(Records contained in a dataset)
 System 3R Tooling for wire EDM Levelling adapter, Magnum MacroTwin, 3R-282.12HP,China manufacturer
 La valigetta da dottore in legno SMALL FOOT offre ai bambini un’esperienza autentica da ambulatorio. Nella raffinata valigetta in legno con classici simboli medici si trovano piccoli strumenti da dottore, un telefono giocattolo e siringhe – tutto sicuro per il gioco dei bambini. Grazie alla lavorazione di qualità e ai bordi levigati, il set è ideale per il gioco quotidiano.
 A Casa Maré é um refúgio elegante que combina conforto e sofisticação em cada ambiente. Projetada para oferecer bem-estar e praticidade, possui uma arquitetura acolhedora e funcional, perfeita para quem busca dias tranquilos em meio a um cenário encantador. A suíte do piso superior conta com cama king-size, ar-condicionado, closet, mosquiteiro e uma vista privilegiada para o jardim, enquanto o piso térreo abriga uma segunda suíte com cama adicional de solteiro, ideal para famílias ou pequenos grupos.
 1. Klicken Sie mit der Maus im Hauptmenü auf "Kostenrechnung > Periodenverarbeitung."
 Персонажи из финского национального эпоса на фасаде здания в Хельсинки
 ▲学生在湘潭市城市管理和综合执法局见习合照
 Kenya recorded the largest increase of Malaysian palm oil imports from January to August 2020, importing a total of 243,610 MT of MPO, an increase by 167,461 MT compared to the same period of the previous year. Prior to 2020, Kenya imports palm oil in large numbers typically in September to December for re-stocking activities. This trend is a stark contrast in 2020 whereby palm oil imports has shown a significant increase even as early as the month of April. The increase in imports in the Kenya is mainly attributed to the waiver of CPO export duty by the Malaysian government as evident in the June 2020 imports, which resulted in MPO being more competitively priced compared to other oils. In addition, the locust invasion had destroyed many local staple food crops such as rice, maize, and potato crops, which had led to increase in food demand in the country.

## Problem details
The answer must be an exact copy of every entry.

## Expected answer
 System 3R Tooling for wire EDM Levelling adapter, Magnum MacroTwin, 3R-282.12HP,China manufacturer
 La valigetta da dottore in legno SMALL FOOT offre ai bambini un’esperienza autentica da ambulatorio. Nella raffinata valigetta in legno con classici simboli medici si trovano piccoli strumenti da dottore, un telefono giocattolo e siringhe – tutto sicuro per il gioco dei bambini. Grazie alla lavorazione di qualità e ai bordi levigati, il set è ideale per il gioco quotidiano.
 A Casa Maré é um refúgio elegante que combina conforto e sofisticação em cada ambiente. Projetada para oferecer bem-estar e praticidade, possui uma arquitetura acolhedora e funcional, perfeita para quem busca dias tranquilos em meio a um cenário encantador. A suíte do piso superior conta com cama king-size, ar-condicionado, closet, mosquiteiro e uma vista privilegiada para o jardim, enquanto o piso térreo abriga uma segunda suíte com cama adicional de solteiro, ideal para famílias ou pequenos grupos.
 1. Klicken Sie mit der Maus im Hauptmenü auf "Kostenrechnung > Periodenverarbeitung."
 Персонажи из финского национального эпоса на фасаде здания в Хельсинки
 ▲学生在湘潭市城市管理和综合执法局见习合照
 Kenya recorded the largest increase of Malaysian palm oil imports from January to August 2020, importing a total of 243,610 MT of MPO, an increase by 167,461 MT compared to the same period of the previous year. Prior to 2020, Kenya imports palm oil in large numbers typically in September to December for re-stocking activities. This trend is a stark contrast in 2020 whereby palm oil imports has shown a significant increase even as early as the month of April. The increase in imports in the Kenya is mainly attributed to the waiver of CPO export duty by the Malaysian government as evident in the June 2020 imports, which resulted in MPO being more competitively priced compared to other oils. In addition, the locust invasion had destroyed many local staple food crops such as rice, maize, and potato crops, which had led to increase in food demand in the country.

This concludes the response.